Just like the coaches at One Stone, you can be a collaborator with your students. Let them see that their voice is just as important or even more important than your voice in the classroom. Give them opportunities to provide you with feedback about class and their understanding of the concepts being taught. If you are trying a new lesson or strategy, ask them to tell you one thing they liked about that lesson and one thing they would have changed. Then apply that feedback so they see that you value their input. Instead of asking, “Any questions?” to verify understanding, have students work with a partner or a group to come up with one question they still have about the content being discussed.
Entrusting students to take ownership of their learning environment is another important goal. Students should be active participants in their learning, contributing to the atmosphere and culture of the classroom. Help students have a voice in that environment through the collaborative creation of classroom norms. Ensure that students know they can hold each other accountable for those norms. Let them reflect on how they are attending to the norms and what they can do to help improve the classroom culture. Students need to feel safe and know that when they express their thoughts, ideas, and concerns, that input is seen as meaningful and valued.

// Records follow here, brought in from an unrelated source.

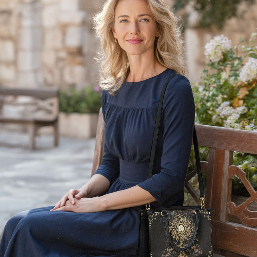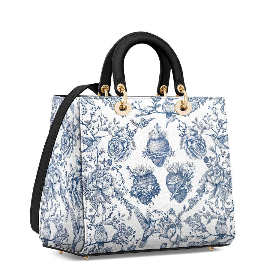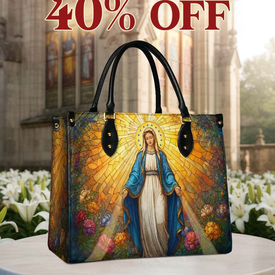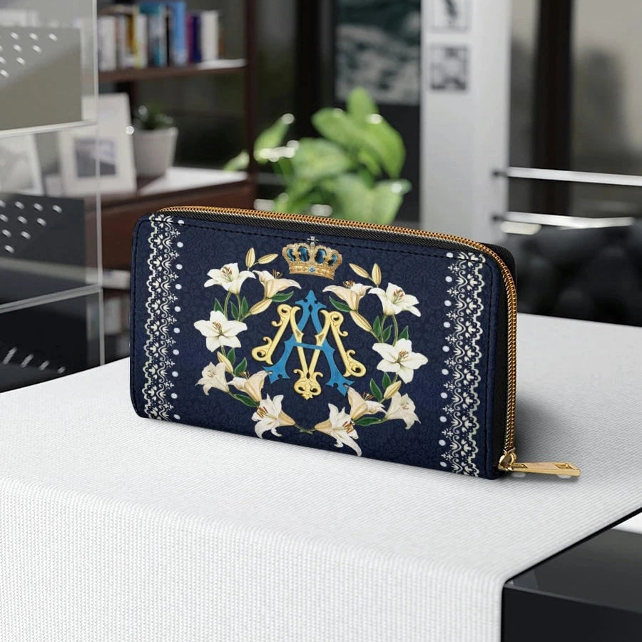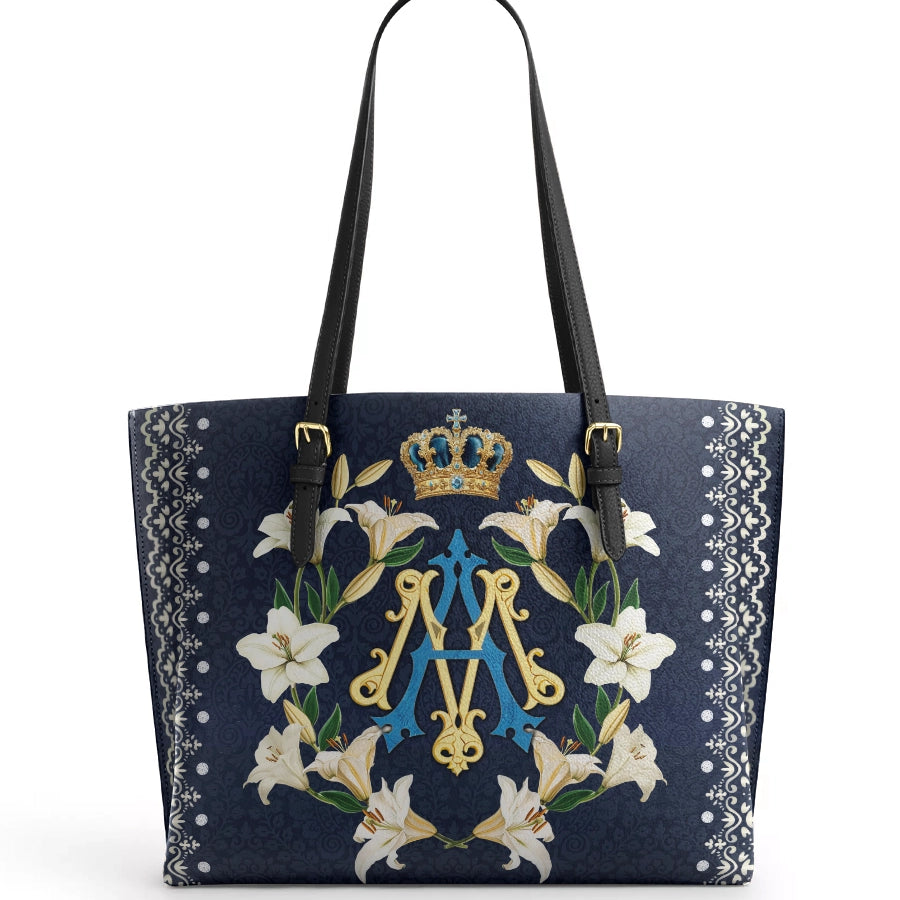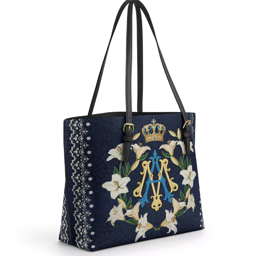 Delicate as a lily, regal as a crown — the Crown of Grace Collection is a visual hymn to the Blessed Virgin Mary. Each piece is adorned with Marian blue, royal gold, and blooming white lilies — symbols of purity, protection, and heavenly favor.
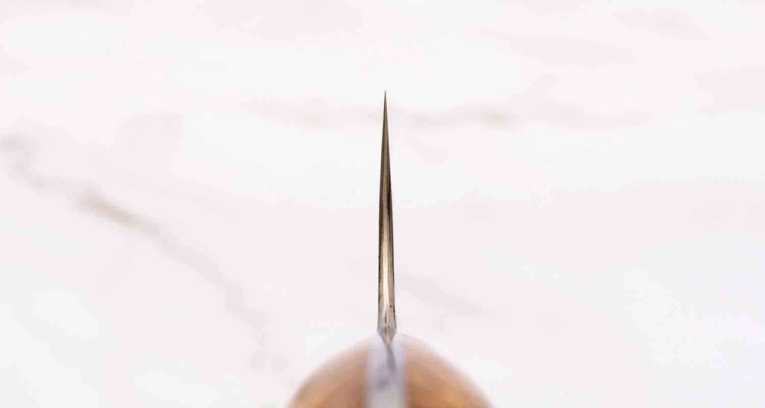 Gyuto is the most versatile and useful blade shape in the modern kitchen. It has a wide profile for easy food transfer and tends to be fairly flat towards the heel, enabling easy and fast chopping on the cutting board. A pointed tip allows piercing and precise, delicate work. A slight curve between the tip and the midsection makes the belly great for rocking the blade back and forth when cutting. It can be used for cutting meat, fish and vegetables.
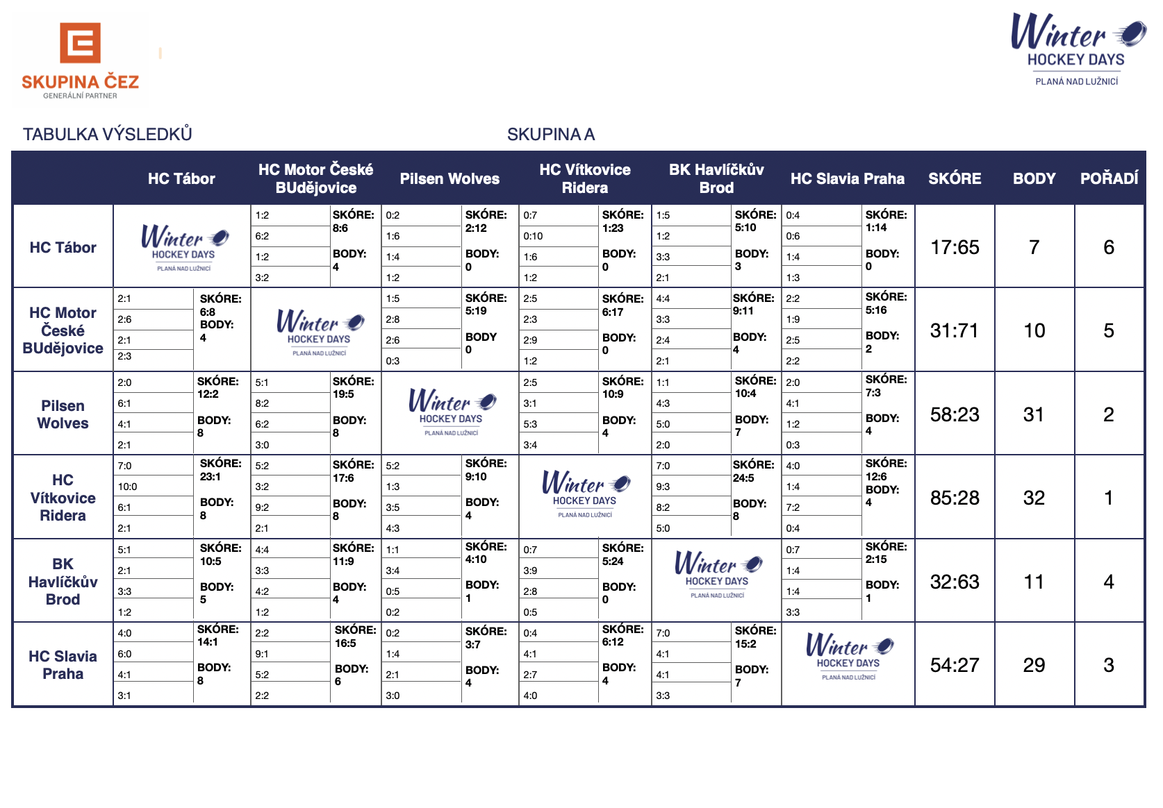 Výsledky skupina A

Empower student mathematical voices as well. Reflect on the amount of time you talk during a lesson versus the amount of time students talk. You can even ask a coach or colleague to come to your class and collect data for you. Think about the intentional ways that you are encouraging students to work together and share their reasoning or thought process with the rest of the class. You can start with some tasks like these:
6th Grade
7th Grade
Algebra I / Integrated Math I
Geometry / Integrated Math II
This will give students the opportunity to critique and discuss different thoughts without the fear of being the owner of the ideas. Then build up to putting their work under a document camera or having students do work on the board. Let them explain their approach. Even if there is a misstep in the work it is still valuable for the rest of the students to see it. Don’t correct the student that is presenting, but ask their peers to offer feedback. Build a collaborative community by helping students see that they can turn to each other for validation and they should look for the reasoning as well as the solution.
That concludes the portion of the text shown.